There may be other new node properties that are never considered in the past. The key difficulty in this project is to provide a good and interpretable definition to these new properties, and hopefully they have some connections to the existing node properties like various centralities.

Innovative ideas proposed:

We develop measures for assessing how diverse a network is based on (1) the notation of regular or structural equivalence, measuring the similarity between node positions in a network, (2) the concept of positional centrality where diversity is defined in terms of how diverse species centrality values are in a network, and (3) the average similarity in nodes' interaction profiles.

We develop measures for quantifying how relevance a node is towards the network structure. These measures are based on the difference of characteristics of the whole network and the reduced network with the target node is removed. They may include the change in degree distribution, the change in network connection density, the change in the number of n-nodes cycles, etc.

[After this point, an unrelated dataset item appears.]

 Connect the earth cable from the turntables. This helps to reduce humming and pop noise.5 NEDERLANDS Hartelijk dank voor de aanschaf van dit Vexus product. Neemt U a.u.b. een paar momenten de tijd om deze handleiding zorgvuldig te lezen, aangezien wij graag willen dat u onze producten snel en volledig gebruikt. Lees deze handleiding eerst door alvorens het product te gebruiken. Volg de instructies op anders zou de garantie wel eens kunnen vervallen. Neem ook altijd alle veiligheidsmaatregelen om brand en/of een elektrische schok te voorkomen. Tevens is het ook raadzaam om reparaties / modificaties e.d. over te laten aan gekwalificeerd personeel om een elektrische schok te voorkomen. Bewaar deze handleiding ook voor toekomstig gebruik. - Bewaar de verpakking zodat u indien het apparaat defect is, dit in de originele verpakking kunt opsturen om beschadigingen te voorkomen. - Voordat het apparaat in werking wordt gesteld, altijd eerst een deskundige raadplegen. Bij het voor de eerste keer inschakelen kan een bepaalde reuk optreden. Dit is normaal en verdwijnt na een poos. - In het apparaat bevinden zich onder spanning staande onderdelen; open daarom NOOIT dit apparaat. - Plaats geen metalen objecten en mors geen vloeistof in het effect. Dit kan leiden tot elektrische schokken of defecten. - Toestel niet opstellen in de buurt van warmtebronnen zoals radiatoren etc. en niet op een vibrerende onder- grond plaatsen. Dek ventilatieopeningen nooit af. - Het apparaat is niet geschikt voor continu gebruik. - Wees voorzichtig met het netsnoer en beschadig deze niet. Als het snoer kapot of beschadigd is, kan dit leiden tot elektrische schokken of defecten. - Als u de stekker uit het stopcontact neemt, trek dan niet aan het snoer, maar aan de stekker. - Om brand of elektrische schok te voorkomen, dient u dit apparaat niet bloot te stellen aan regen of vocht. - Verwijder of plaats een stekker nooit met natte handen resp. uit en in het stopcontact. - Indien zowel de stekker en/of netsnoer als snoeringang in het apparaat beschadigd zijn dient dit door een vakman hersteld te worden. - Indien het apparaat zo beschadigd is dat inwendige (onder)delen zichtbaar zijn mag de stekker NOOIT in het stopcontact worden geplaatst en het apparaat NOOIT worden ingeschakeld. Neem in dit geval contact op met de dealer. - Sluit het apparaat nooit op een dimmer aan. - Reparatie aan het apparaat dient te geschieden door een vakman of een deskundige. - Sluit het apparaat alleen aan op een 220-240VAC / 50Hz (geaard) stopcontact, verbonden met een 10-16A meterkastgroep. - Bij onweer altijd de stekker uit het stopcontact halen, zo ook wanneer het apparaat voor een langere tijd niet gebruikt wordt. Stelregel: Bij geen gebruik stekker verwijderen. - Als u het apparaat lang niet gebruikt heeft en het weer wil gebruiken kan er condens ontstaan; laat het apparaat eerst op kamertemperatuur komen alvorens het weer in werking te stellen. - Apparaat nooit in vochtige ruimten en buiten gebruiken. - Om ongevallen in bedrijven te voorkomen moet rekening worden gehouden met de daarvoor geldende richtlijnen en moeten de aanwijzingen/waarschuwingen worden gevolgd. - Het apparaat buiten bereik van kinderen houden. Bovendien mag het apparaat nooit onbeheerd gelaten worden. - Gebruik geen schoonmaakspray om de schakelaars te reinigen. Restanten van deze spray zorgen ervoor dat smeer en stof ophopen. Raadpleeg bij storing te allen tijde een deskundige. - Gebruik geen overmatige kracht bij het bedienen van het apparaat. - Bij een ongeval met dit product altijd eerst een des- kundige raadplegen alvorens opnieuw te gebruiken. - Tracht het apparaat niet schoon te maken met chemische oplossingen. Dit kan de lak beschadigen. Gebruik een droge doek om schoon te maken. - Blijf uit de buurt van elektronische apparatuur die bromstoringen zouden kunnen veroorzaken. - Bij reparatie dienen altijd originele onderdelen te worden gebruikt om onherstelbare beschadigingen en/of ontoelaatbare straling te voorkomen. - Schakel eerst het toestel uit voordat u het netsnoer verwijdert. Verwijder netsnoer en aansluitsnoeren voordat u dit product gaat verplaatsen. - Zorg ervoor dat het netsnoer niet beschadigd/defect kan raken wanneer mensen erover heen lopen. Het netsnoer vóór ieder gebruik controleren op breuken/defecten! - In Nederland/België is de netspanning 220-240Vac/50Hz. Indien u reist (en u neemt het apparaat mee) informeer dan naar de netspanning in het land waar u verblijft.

We develop measures for determining how similar two nodes are in a given network. The similarity of two nodes includes both the node attributes and the neighboring node structural configurations.

Potential impact of the work:

All three new properties, together with many new unknowns, will provide measures and descriptions of a network from different angles when compared to traditional properties like centrality. All new properties have their own measures, algorithms and methods, statistical interpretations and connections to the traditional properties, so practitioners can view their networks from various different points of view and obtain new insights from different perspectives.